My team consisted of me, myself and I.


## Data, and the features used in the model

I used data available from the Standford website for this model. Link: https://cs.stanford.edu/~althoff/raop-dataset/

I did not use data available from Kaggle for the submission because it does not provide labels with the test data. I did create a Kaggle submission for kicks which can be found in _kaggle_notebook.ipynb.

### Features not used
The Stanford dataset includes some columns (features) that literally tell you which post recevied a Pizza. I obviously avoided these features:

+ giver_username_if_known (col. index 0)
+ requester_received_pizza (23)
+ requester_user_flair (29) - turns out requesters get flair when the get a pizza

### Features used in this model 
+ number_of_downvotes_of_request_at_retrieval
+ number_of_upvotes_of_request_at_retrieval
+ post_was_edited
+ request_number_of_comments_at_retrieval
+ requester_account_age_in_days_at_request
+ requester_account_age_in_days_at_retrieval
+ requester_days_since_first_post_on_raop_at_request
+ requester_days_since_first_post_on_raop_at_retrieval
+ requester_number_of_comments_at_request
+ requester_number_of_comments_at_retrieval
+ requester_number_of_comments_in_raop_at_request
+ requester_number_of_comments_in_raop_at_retrieval
+ requester_number_of_posts_at_request
+ requester_number_of_posts_at_retrieval
+ requester_number_of_posts_on_raop_at_request
+ requester_number_of_posts_on_raop_at_retrieval
+ requester_number_of_subreddits_at_request
+ requester_upvotes_minus_downvotes_at_request
+ requester_upvotes_minus_downvotes_at_retrieval
+ requester_upvotes_plus_downvotes_at_request
+ requester_upvotes_plus_downvotes_at_retrieval

OK, now that we have that out of the way, let's start by importing some packages and loading the data.

## The Model

In [7]:
# This tells matplotlib not to try opening a new window for each plot.
%matplotlib inline

# General libraries.
import re
import numpy as np
import matplotlib.pyplot as plt

# SK-learn libraries for learning.
from sklearn.pipeline import Pipeline
from sklearn.grid_search import GridSearchCV

# SK-learn libraries for evaluation.
from sklearn.metrics import confusion_matrix
from sklearn import metrics
from sklearn.metrics import classification_report
from sklearn import cross_validation

# xgboost
import xgboost as xgb

from collections import defaultdict

## Load the data

In [305]:
# Load the data
import urllib
import tarfile
import pandas as pd
import random

# download the data and extract the tarball 
# NOTE: change the url to http from https if you get a urllib error 
tf = urllib.URLopener()
tf.retrieve("https://cs.stanford.edu/~althoff/raop-dataset/pizza_request_dataset.tar.gz", "pizza.tar.gz")

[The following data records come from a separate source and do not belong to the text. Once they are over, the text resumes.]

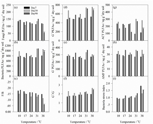 图1. 温湿度对土壤微生物群落PLFA影响室内培养实验
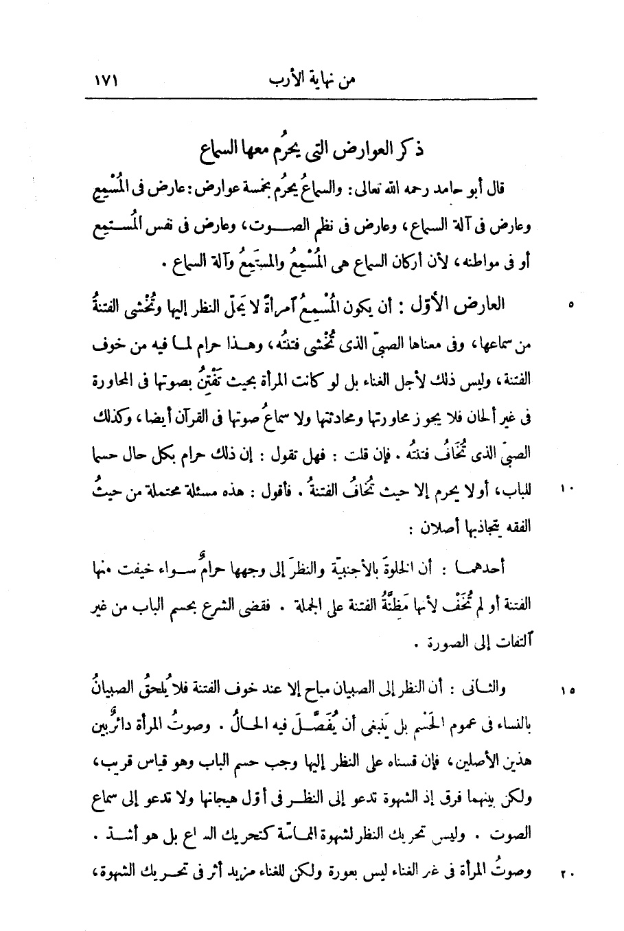 وفي معناها الصبىّ الذى تخشى فتنته، وهذا حرام لما فيه من خوف الفتنة، وليس ذلك لأجل الغناء بل لو كانت المرأة بحيث تفتن بصوتها في المحاورة فى غير ألحان فلا يجوز محاورتها ومحادثتها ولا سماع صوتها في القرآن أيضا، وكذلك الصبى الذى تخاف فتنته. فإن قلت: فهل تقول: إن ذلك حرام بكل حال حسما للباب، أو لا يحرم إلا حيث تخاف الفتنة. فأقول: هذه مسئلة محتملة من حيث الفقه يتجاذبها أصلان:
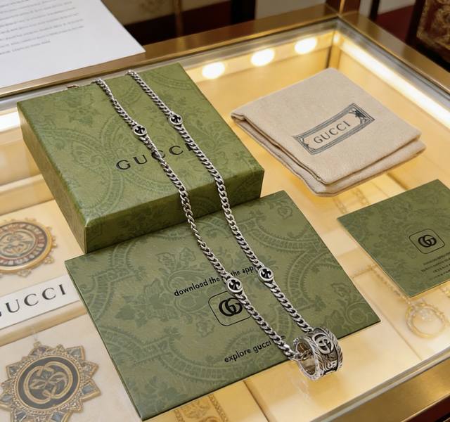 A must-have for Douyin influencers and online celebrities! This latest Gucci necklace features a more upscale chain and is a celebrity-endorsed Anger Forest series double G design. It elevates your style, making you look more sophisticated and confident. The details are perfectly matched to the original silver finish, a rare find in the market. This is a consistently best-selling Gucci piece that's incredibly versatile.
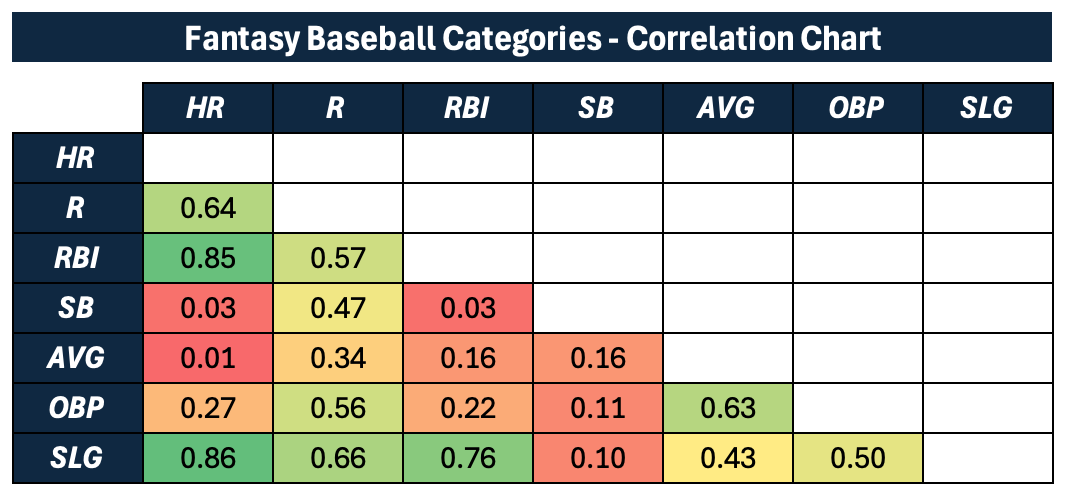 Stolen bases are the most unique category in the fantasy game. They’re not correlated with any other category. There’s a slight correlation with runs, but it’s pretty weak.
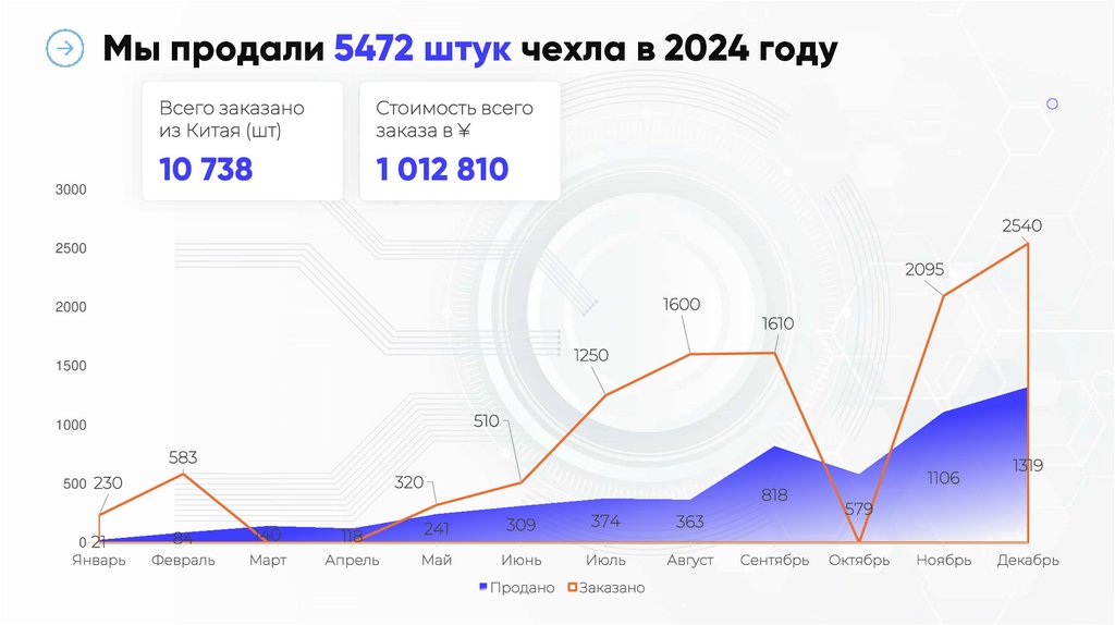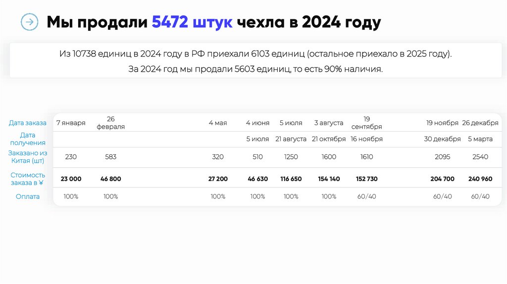 Мы продали 5472 штук чехла в 2024 годуИз 10738 единиц в 2024 году в РФ приехали 6103 единиц (остальное приехало в 2025 году).
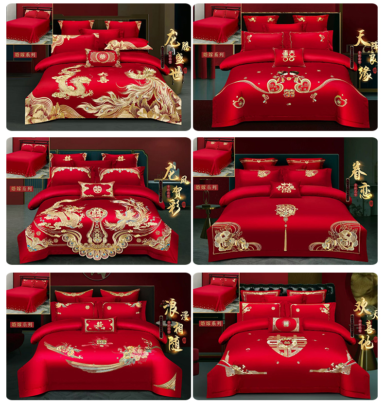 (总)优姿家纺 2026新款全棉长绒棉纯棉婚庆床裙高端四件套,子孙满堂,欢天喜地,家家有喜,嫁给爱情,眷恋,浪漫相随,良辰相伴,龙凤贺彩,龙凤喜缘,龙华凤贵,龙腾盛世,天降良缘,喜嫁,喜乐,喜意连连,新婚快乐,幸福美满,早生贵子
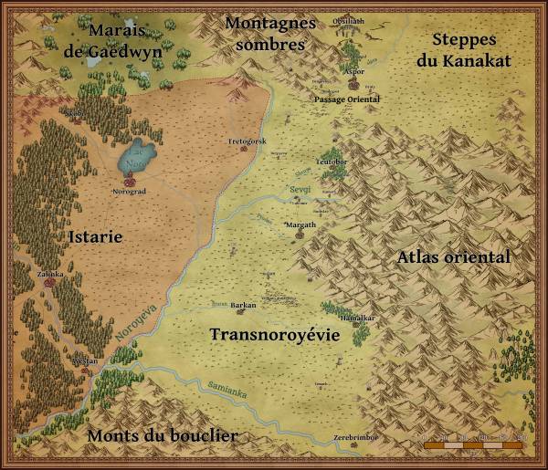 Vos aventures prennent place dans les vastes terres frontalières de Transnoroyévie, au-delà de la frontière orientale du plus puissant empire du monde connu : l’Empire Arkadien. Ce territoire aux portes de la grande steppe appartenait autrefois aux nomades kanaks, peuple de cavaliers vivants aux grès des saisons sur la grande plaine bordée par les montagnes. Mais la découverte des grands gisements aurifères voilà un siècle précipita une suite d’évènements qui bouleversa à jamais l’équilibre de cette région.

tar = tarfile.open("pizza.tar.gz", "r:gz")
for name in tar.getnames():
    if name == "pizza_request_dataset/pizza_request_dataset.json":
        member = tar.getmember(name)
        f = tar.extractfile(member)
        if f is not None:
            json_data = f.read()

# convert data to a pandas dataframe
pizza_df = pd.read_json(json_data)
feature_names = np.asarray([x for x in pizza_df[:0]])
pizza_df = np.asarray(pizza_df)

# shuffle the data
np.random.seed(0)
shuffle = np.random.permutation(np.arange(pizza_df.shape[0]))
pizza_df = pizza_df[shuffle]

# keep only the features we need
# and separate the labels
features_to_keep = [2, 3, 4, 6, 10, 11, 12, 13, 14, 15, 16, 17, 18, 19, 20, 21, 22, 25, 26, 27, 28]
X, y = pizza_df[:, features_to_keep], pizza_df[:, 23]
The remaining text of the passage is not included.